[Task description]
Leaving pictures aside, set down each line exactly, from the first line of the data to the line with "加快推进能源全领域、全环节智", both included.

[Dataset section]
BEGIN

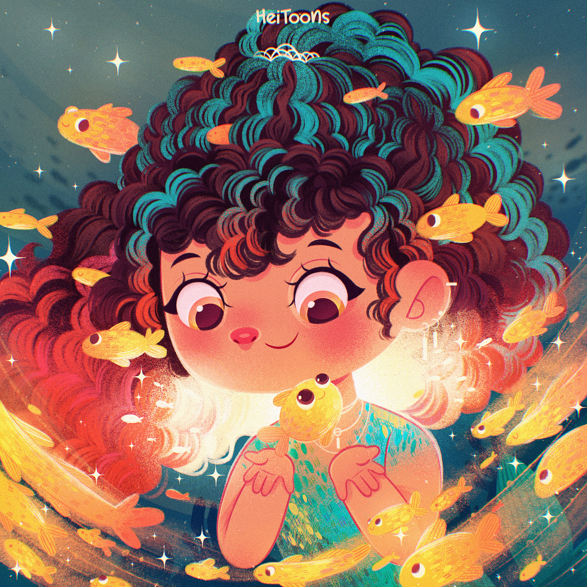 EN - Illustration of a beautiful mermaid, accompanied by bright and colorful fish, following the theme of #mermay2024 by @brendabossato. I loved bringing out the vibrant colors and capturing all the magic in a single illustration! Check out more details below.
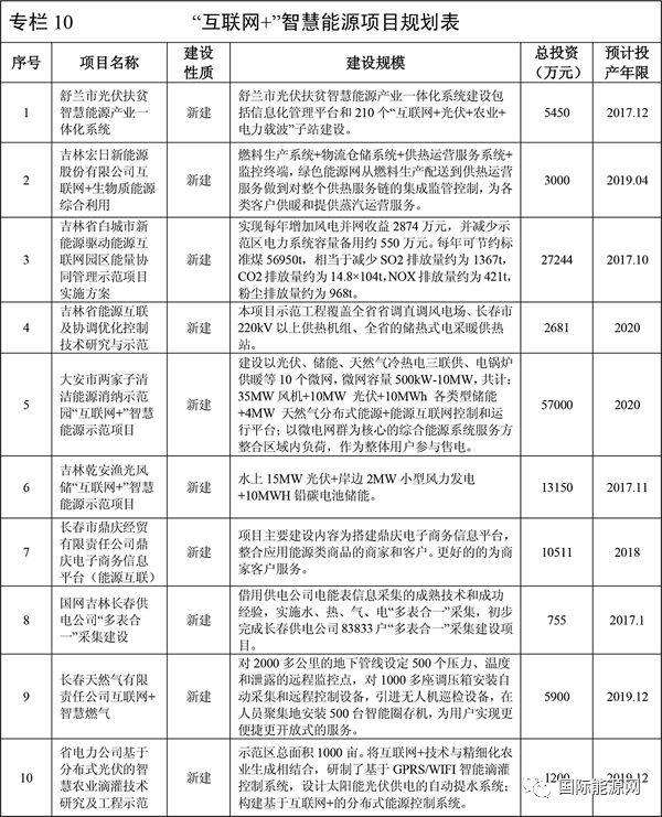 加快推进能源全领域、全环节智慧化发展,提高能源发展可持续能力,推进能源生产、输送、使用和储能等集成互补的能源互联网项目建设。重点在长春、吉林、白城等地区开展示范项目建设。
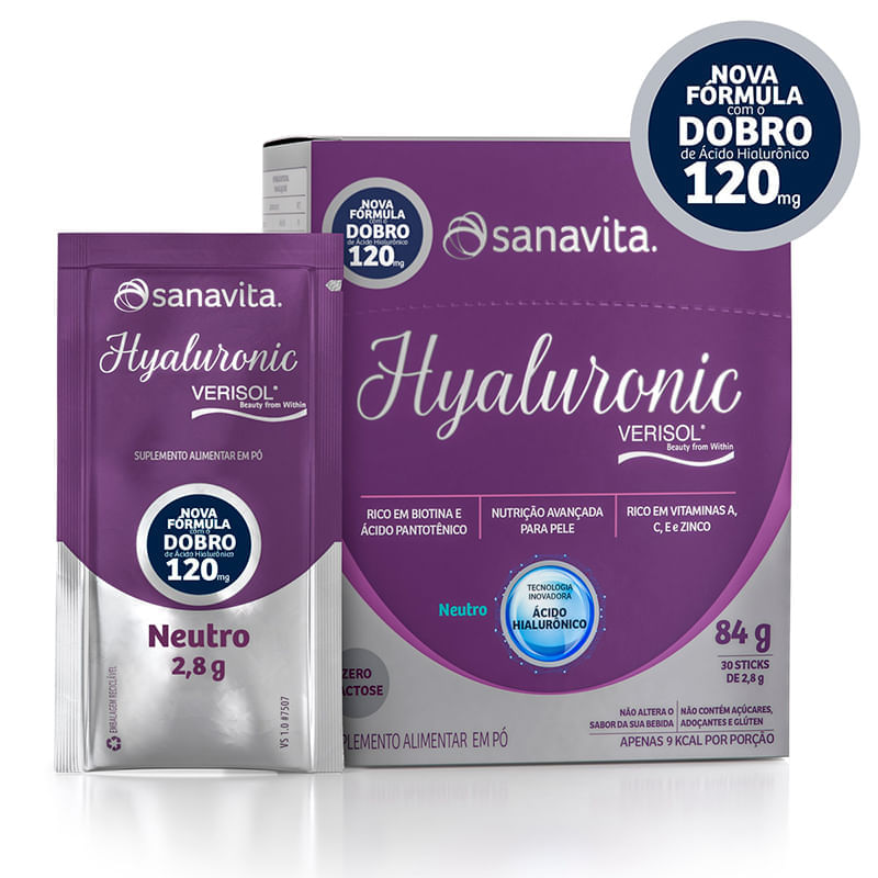 <p>O <strong>Hyaluronic Verisol </strong><strong>® sabor Neutro</strong>, da <strong>Sanavita</strong>, é um suplemento alimentar desenvolvido com a mais avançada tecnologia para os cuidados com a pele.</p> <p>Cada porção fornece <strong>2,5g de colágeno</strong> <strong>Verisol</strong><strong>®</strong> e <strong>120 mg de</strong> <strong>ácido hialurônico</strong> <strong>biodisponível</strong> com adição de biotina, ácido pantotênico e antioxidantes.</p> Sobre os ingredientes: <p><strong>Peptídeos de colágeno Verisol</strong><strong>®:</strong> obtido por meio de tecnologia Alemã, que utiliza um processo exclusivo e patenteado, resultando em uma composição única de peptídeos específicos de baixo peso molecular. Os aminoácidos presentes no colágeno compõem a estrutura de tecidos como a pele.</p> <p><strong>Ácido hialurônico: </strong>componente importante para a estrutura da pele, é produzido naturalmente pelo organismo, porém essa produção é naturalmente reduzida com o avanço da idade.</p> <p><strong>Vitaminas A, C, E e o mineral zinco:</strong> apresentam <strong>ação antioxidante</strong> que auxilia na proteção dos danos causados pelos radicais livres.</p> <p><strong>Vitamina C: </strong>auxilia na formação do colágeno.</p> <p><strong>Vitamina A, biotina e zinco:</strong> contribuem para a manutenção da pele, cabelo e unhas.</p> <p><strong>Alergênicos: </strong>Pode conter leite e soja.</p> Sugestão de consumo: <p>Em um copo vazio adicione 1 stick (2,8 g) e em seguida, 200 mL de água ou bebida de sua preferência e mexa até completa dissolução.</p> <p>Não utilize líquidos quentes ou bebidas muito ácidas. Para uma ótima diluição, utilize líquidos na temperatura ambiente e livres de gorduras, tais como leite desnatado.</p> Motivos para escolher o produto: <ul> <li>Sem glúten</li> <li>Sem lactose</li> <li>Livre de conservantes, corantes ou aromas artificiais</li> <li>Baixo índice glicêmico</li> <li>Low carb</li> <li>Não contém adoçantes</li> </ul> Sobre a marca: <p>A Sanavita é uma das principais empresas produtoras de alimentos saudáveis do Brasil, especializada no desenvolvimento de alimentos funcionais e especiais. Graças a excelente qualidade de seus produtos e à sua origem científica, conquistou a fidelidade dos profissionais de saúde e dos consumidores em todo o país.</p>

END

[Task output]
 EN - Illustration of a beautiful mermaid, accompanied by bright and colorful fish, following the theme of #mermay2024 by @brendabossato. I loved bringing out the vibrant colors and capturing all the magic in a single illustration! Check out more details below.
 加快推进能源全领域、全环节智慧化发展,提高能源发展可持续能力,推进能源生产、输送、使用和储能等集成互补的能源互联网项目建设。重点在长春、吉林、白城等地区开展示范项目建设。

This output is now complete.